#### [DATA SHOWN]
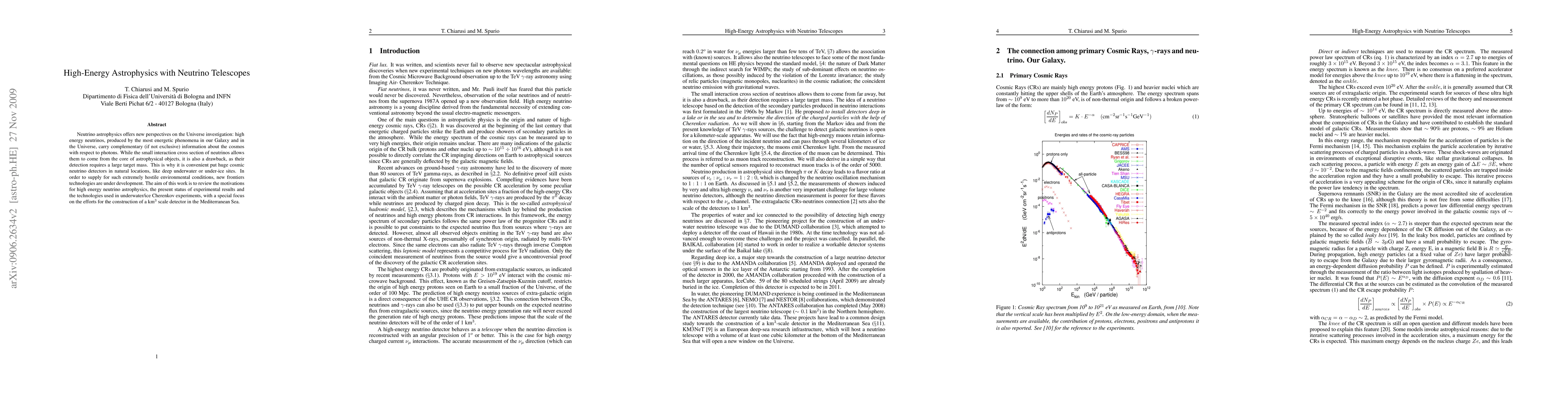 This paper reviews high-energy neutrino astrophysics, highlighting its benefits and challenges, including the development of new technologies for detecting neutrinos in extreme environments. It also focuses on a proposed km3 scale detector in the Mediterranean Sea to advance our understanding of the universe.
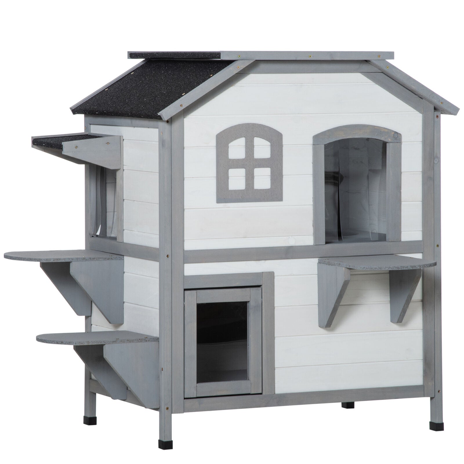 Wooden 2-Story Indoor or Outdoor Cat House W/ Escape Door, Cat Shelter, White 196393161340
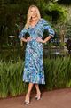 Vestido Elise Confeccionado em Fluity, com Suas Mangas 3/4 Elegantes e Um Delicado Decote em V, Este Vestido Exala Feminilidade e Charme. Possui Uma Estampa Localizada Que Traz Originalidade à Peça, Seu Comprimento Midi Proporciona Uma Silhueta Graciosa e Elegante. o Elástico Na Cintura, Acompanhado Por Um Cinto Fixo Adornado Por Uma Deslumbrante Fivela em Cor Prata Trabalhada em Cristais, Realça a Cintura e Modela o Corpo.
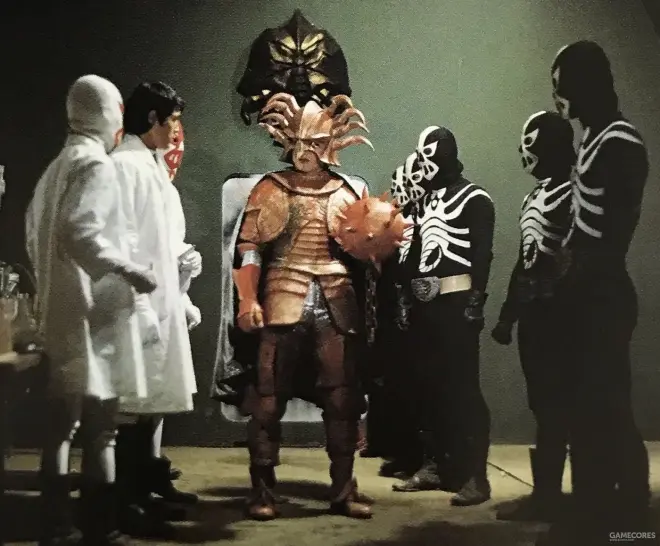 第三项升级则是反派的强大,作为能衬托得起V3强大的敌对组织,制作团队对迪斯特龙的特色刻画也颇为用心。初代《假面骑士》中修卡与盖尔修卡强调一个假面骑士中的核心概念,也就是“敌我同源”,无论是改造人还是怪人大多都是基于某种生物特性进行怪人化手术。为了彰显迪斯特龙更为强大,本作提出了机械怪人赛博格的构思。将生物与机械进一步融合强化,使得怪人拥有两者结合的复数战斗能力。从屏幕的视觉感官上来看,怪人的皮套不一味只追求还原生物原形,却是将无机物的机械质感特征以不规整的方式自由设计,脑洞之大上升了好几个纬度。
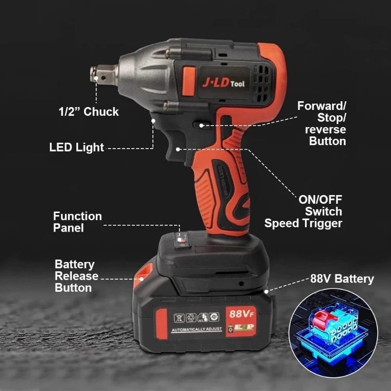 JLD JV88VF MESIN IMPACT WRENCH48V 2BATERAI LENGKAP MESIN PEMBUKA BAUT MOBIL DAN MOTOR
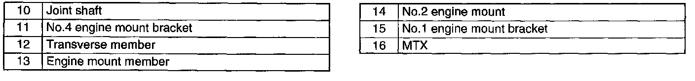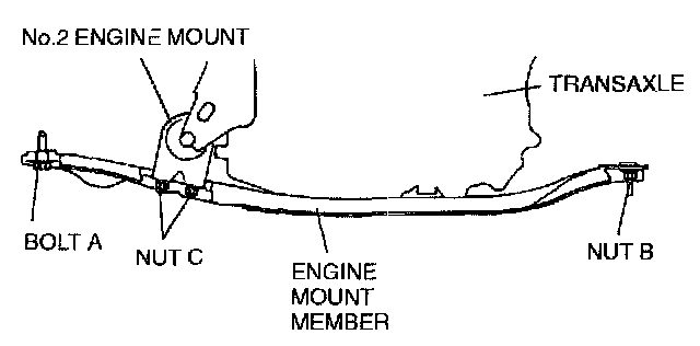 2. Put the No. 2 engine mount stud bolts in the installation holes when installing the engine mount member.
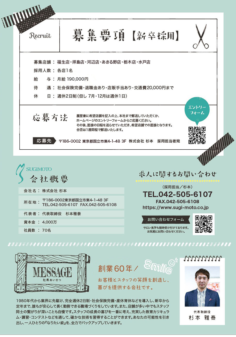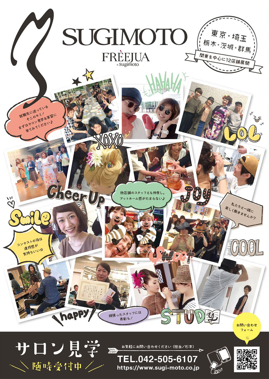 東京 埼玉 栃木 茨城など関東を中心に展開しているヘアサロン SUGIMOTO(スギモト)
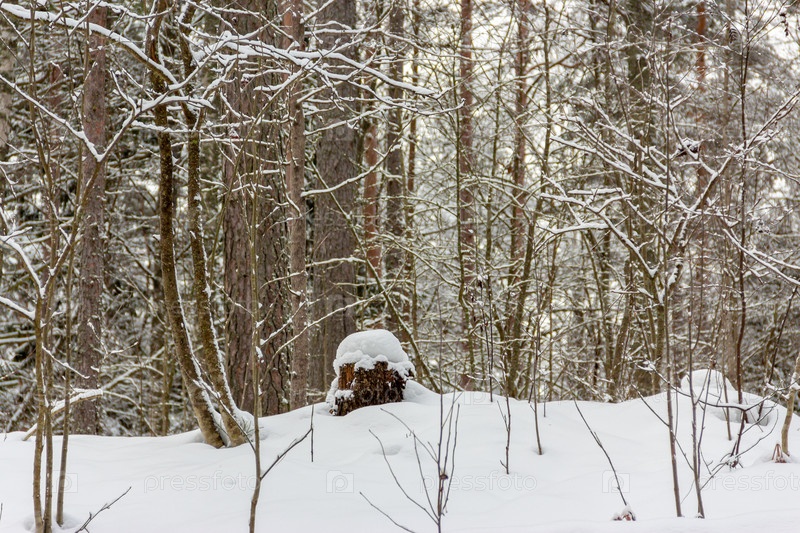 Зимний заснеженный смешанный лес на вершине холма и пень под снегом
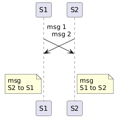 @startuml !pragma teoz true S1 ->(30) S2: msg 1\n & S2 ->(30) S1: msg 2 note left S1: msg\nS2 to S1 & note right S2: msg\nS1 to S2 @enduml
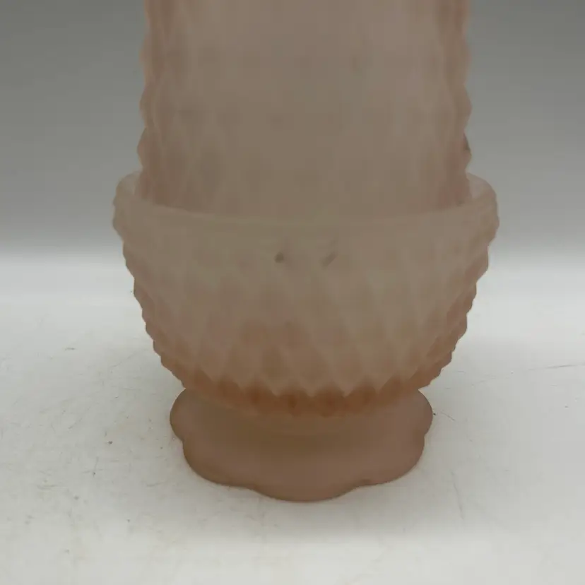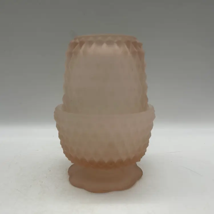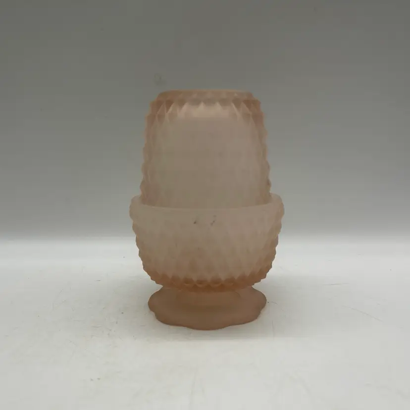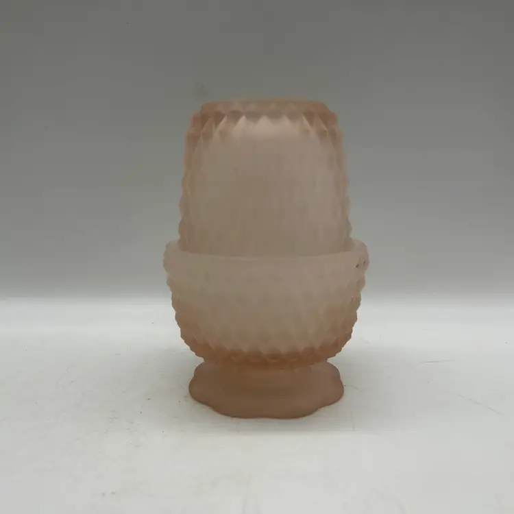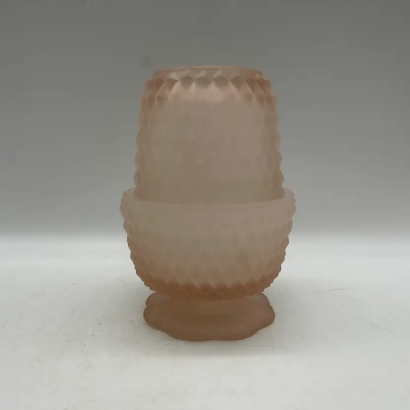 Illuminate your space with this stunning Vintage Indiana Glass Satin Pink Frosted Diamond Point Fairy Lamp Candleholder.
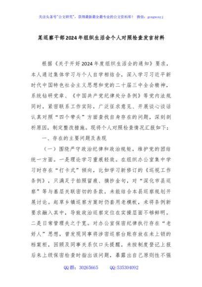 / 某巡察干部2024年组织生活会个人对照检查发言材料
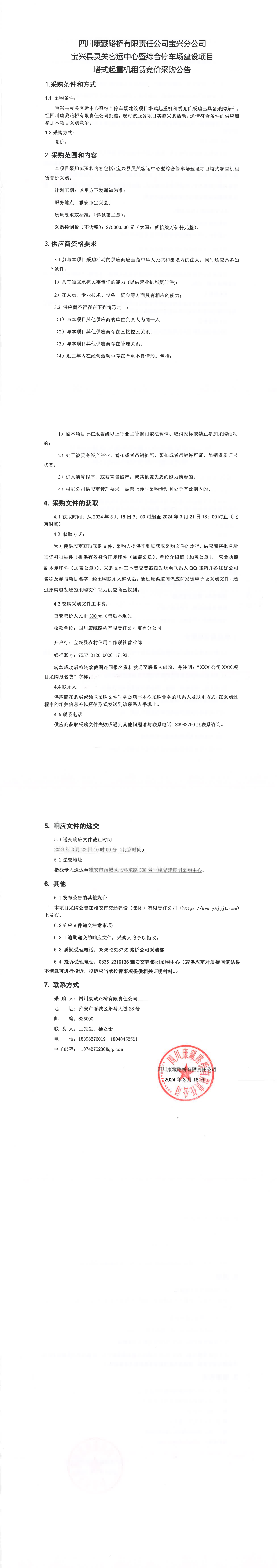 四川康藏路橋有限責(zé)任公司寶興縣靈關(guān)客運(yùn)中心暨綜合停車場(chǎng)建設(shè)項(xiàng)目塔式起重機(jī)租賃競(jìng)價(jià)采購公告
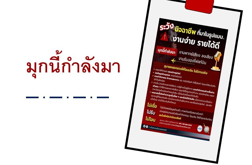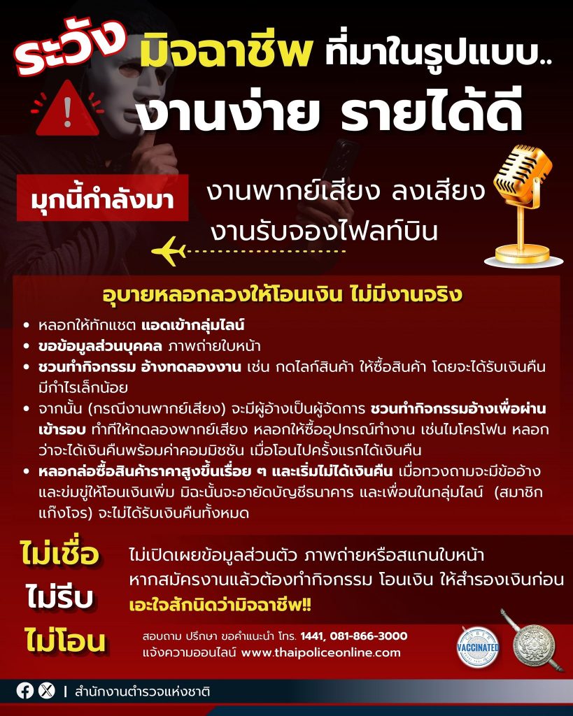 สำนักงานตำรวจแห่งชาติเตือนภัยออนไลน์ อุบายเดิม ๆ แต่มุกใหม่ ชวนทำงาน “พากย์เสียง ลงเสียง” “รับจองไฟลท์บิน” ล่อใจด้วยรายได้สูง

#### [PROBLEM DESCRIPTION]
Could you restate every record above word for word, dropping the pictures?

#### [EXPECTED OUTPUT]
 This paper reviews high-energy neutrino astrophysics, highlighting its benefits and challenges, including the development of new technologies for detecting neutrinos in extreme environments. It also focuses on a proposed km3 scale detector in the Mediterranean Sea to advance our understanding of the universe.
 Wooden 2-Story Indoor or Outdoor Cat House W/ Escape Door, Cat Shelter, White 196393161340
 Vestido Elise Confeccionado em Fluity, com Suas Mangas 3/4 Elegantes e Um Delicado Decote em V, Este Vestido Exala Feminilidade e Charme. Possui Uma Estampa Localizada Que Traz Originalidade à Peça, Seu Comprimento Midi Proporciona Uma Silhueta Graciosa e Elegante. o Elástico Na Cintura, Acompanhado Por Um Cinto Fixo Adornado Por Uma Deslumbrante Fivela em Cor Prata Trabalhada em Cristais, Realça a Cintura e Modela o Corpo.
 第三项升级则是反派的强大,作为能衬托得起V3强大的敌对组织,制作团队对迪斯特龙的特色刻画也颇为用心。初代《假面骑士》中修卡与盖尔修卡强调一个假面骑士中的核心概念,也就是“敌我同源”,无论是改造人还是怪人大多都是基于某种生物特性进行怪人化手术。为了彰显迪斯特龙更为强大,本作提出了机械怪人赛博格的构思。将生物与机械进一步融合强化,使得怪人拥有两者结合的复数战斗能力。从屏幕的视觉感官上来看,怪人的皮套不一味只追求还原生物原形,却是将无机物的机械质感特征以不规整的方式自由设计,脑洞之大上升了好几个纬度。
 JLD JV88VF MESIN IMPACT WRENCH48V 2BATERAI LENGKAP MESIN PEMBUKA BAUT MOBIL DAN MOTOR
 2. Put the No. 2 engine mount stud bolts in the installation holes when installing the engine mount member.
 東京 埼玉 栃木 茨城など関東を中心に展開しているヘアサロン SUGIMOTO(スギモト)
 Зимний заснеженный смешанный лес на вершине холма и пень под снегом
 @startuml !pragma teoz true S1 ->(30) S2: msg 1\n & S2 ->(30) S1: msg 2 note left S1: msg\nS2 to S1 & note right S2: msg\nS1 to S2 @enduml
 Illuminate your space with this stunning Vintage Indiana Glass Satin Pink Frosted Diamond Point Fairy Lamp Candleholder.
 / 某巡察干部2024年组织生活会个人对照检查发言材料
 四川康藏路橋有限責(zé)任公司寶興縣靈關(guān)客運(yùn)中心暨綜合停車場(chǎng)建設(shè)項(xiàng)目塔式起重機(jī)租賃競(jìng)價(jià)采購公告
 สำนักงานตำรวจแห่งชาติเตือนภัยออนไลน์ อุบายเดิม ๆ แต่มุกใหม่ ชวนทำงาน “พากย์เสียง ลงเสียง” “รับจองไฟลท์บิน” ล่อใจด้วยรายได้สูง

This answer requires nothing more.